• **Task instructions**:
The lines from the one with "SQUARE STONE PENDANT" through the last line of the material below, copied exactly and free of pictures, make up the whole answer.

• **Input data**:
------------------------------------------------------------------------

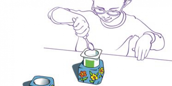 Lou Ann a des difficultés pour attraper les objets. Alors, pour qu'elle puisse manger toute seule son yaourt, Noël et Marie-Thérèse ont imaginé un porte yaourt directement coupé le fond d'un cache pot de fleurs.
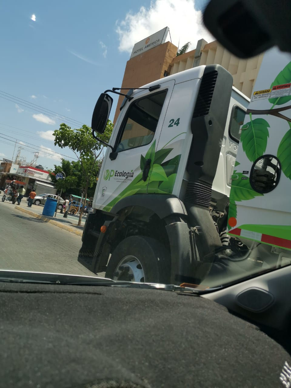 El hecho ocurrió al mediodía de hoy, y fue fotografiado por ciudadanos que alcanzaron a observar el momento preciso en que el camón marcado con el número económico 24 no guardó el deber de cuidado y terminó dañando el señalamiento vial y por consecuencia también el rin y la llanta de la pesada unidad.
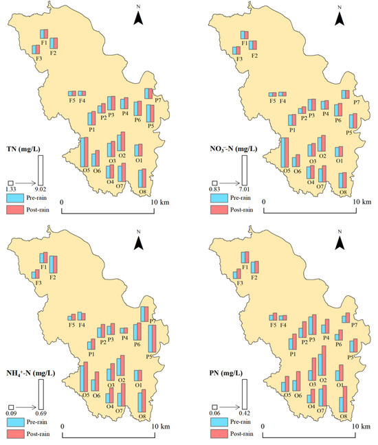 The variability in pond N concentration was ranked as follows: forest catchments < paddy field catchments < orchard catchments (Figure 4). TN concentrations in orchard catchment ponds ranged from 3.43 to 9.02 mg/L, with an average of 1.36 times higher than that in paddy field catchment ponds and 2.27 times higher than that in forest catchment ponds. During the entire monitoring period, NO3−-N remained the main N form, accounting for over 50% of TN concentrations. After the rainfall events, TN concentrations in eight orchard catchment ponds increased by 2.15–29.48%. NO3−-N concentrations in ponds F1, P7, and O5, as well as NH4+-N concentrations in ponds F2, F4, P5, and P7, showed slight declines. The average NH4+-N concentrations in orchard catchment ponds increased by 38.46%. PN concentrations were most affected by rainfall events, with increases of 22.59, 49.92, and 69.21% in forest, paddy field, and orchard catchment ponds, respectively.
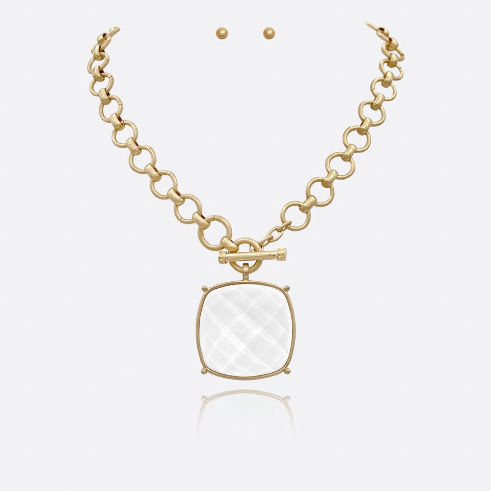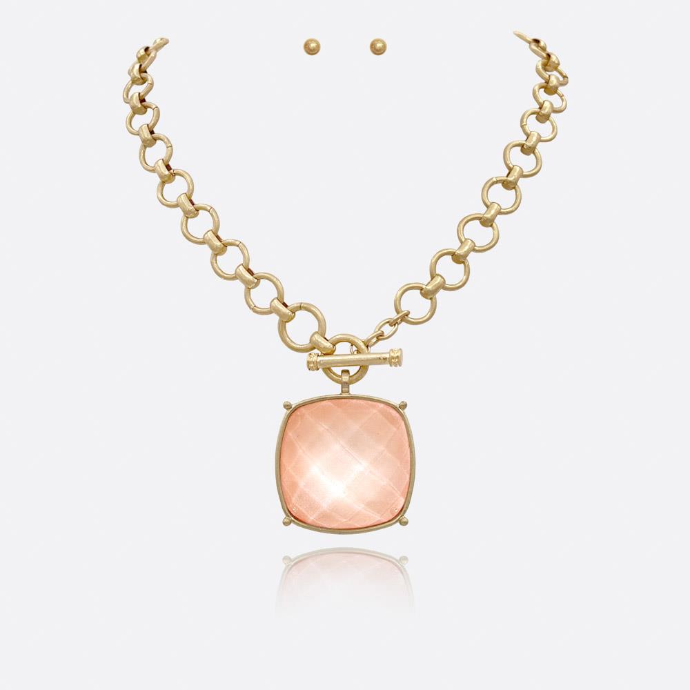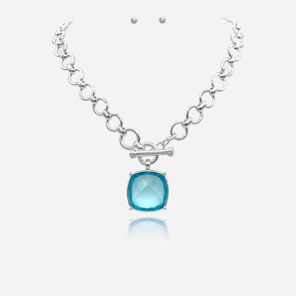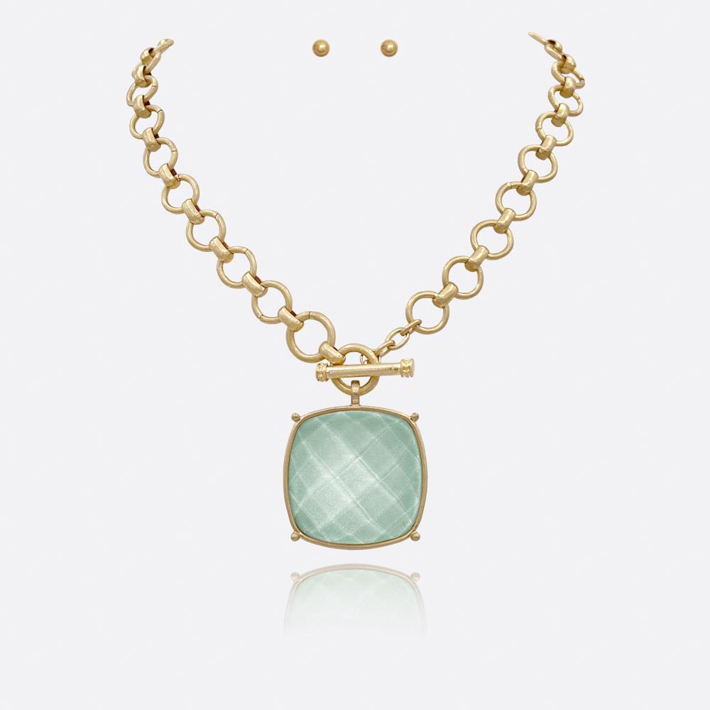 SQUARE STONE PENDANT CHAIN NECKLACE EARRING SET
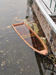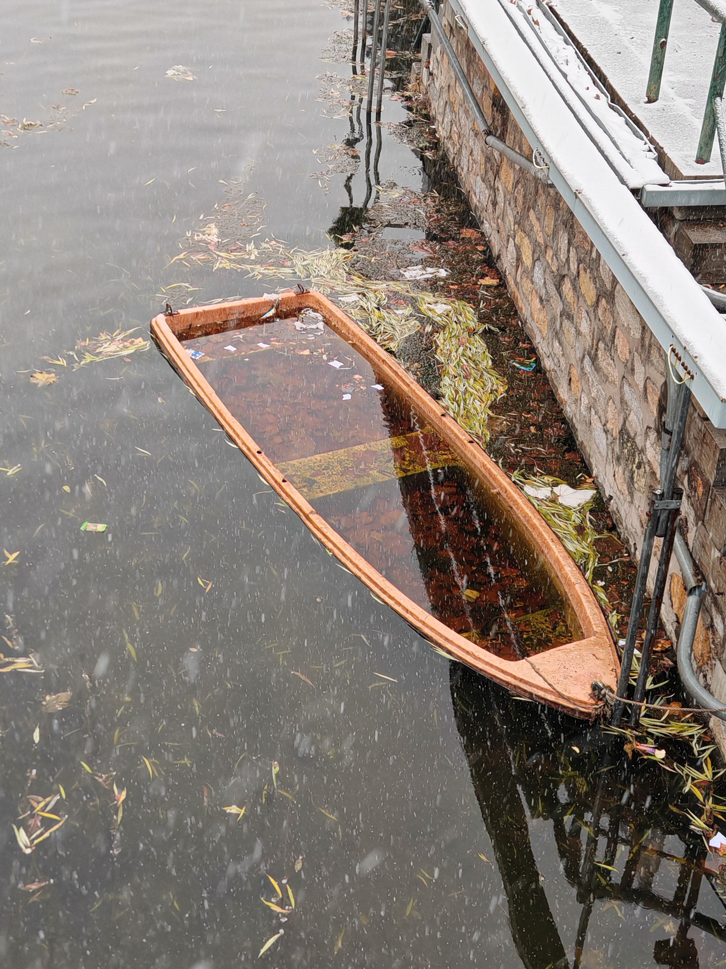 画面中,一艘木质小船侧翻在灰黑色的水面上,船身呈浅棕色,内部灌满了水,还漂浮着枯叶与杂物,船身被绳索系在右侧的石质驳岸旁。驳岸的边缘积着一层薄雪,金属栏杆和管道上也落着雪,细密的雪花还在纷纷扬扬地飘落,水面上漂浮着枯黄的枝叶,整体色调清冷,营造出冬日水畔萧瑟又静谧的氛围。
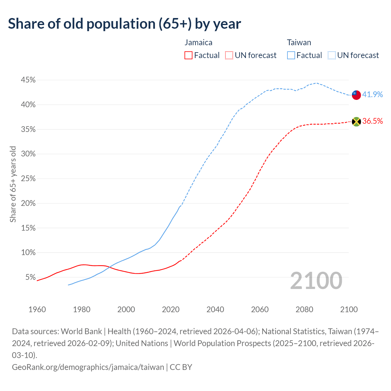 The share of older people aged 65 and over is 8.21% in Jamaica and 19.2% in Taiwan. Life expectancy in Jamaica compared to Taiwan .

------------------------------------------------------------------------

• **Result of this task**:
 SQUARE STONE PENDANT CHAIN NECKLACE EARRING SET
 画面中,一艘木质小船侧翻在灰黑色的水面上,船身呈浅棕色,内部灌满了水,还漂浮着枯叶与杂物,船身被绳索系在右侧的石质驳岸旁。驳岸的边缘积着一层薄雪,金属栏杆和管道上也落着雪,细密的雪花还在纷纷扬扬地飘落,水面上漂浮着枯黄的枝叶,整体色调清冷,营造出冬日水畔萧瑟又静谧的氛围。
 The share of older people aged 65 and over is 8.21% in Jamaica and 19.2% in Taiwan. Life expectancy in Jamaica compared to Taiwan .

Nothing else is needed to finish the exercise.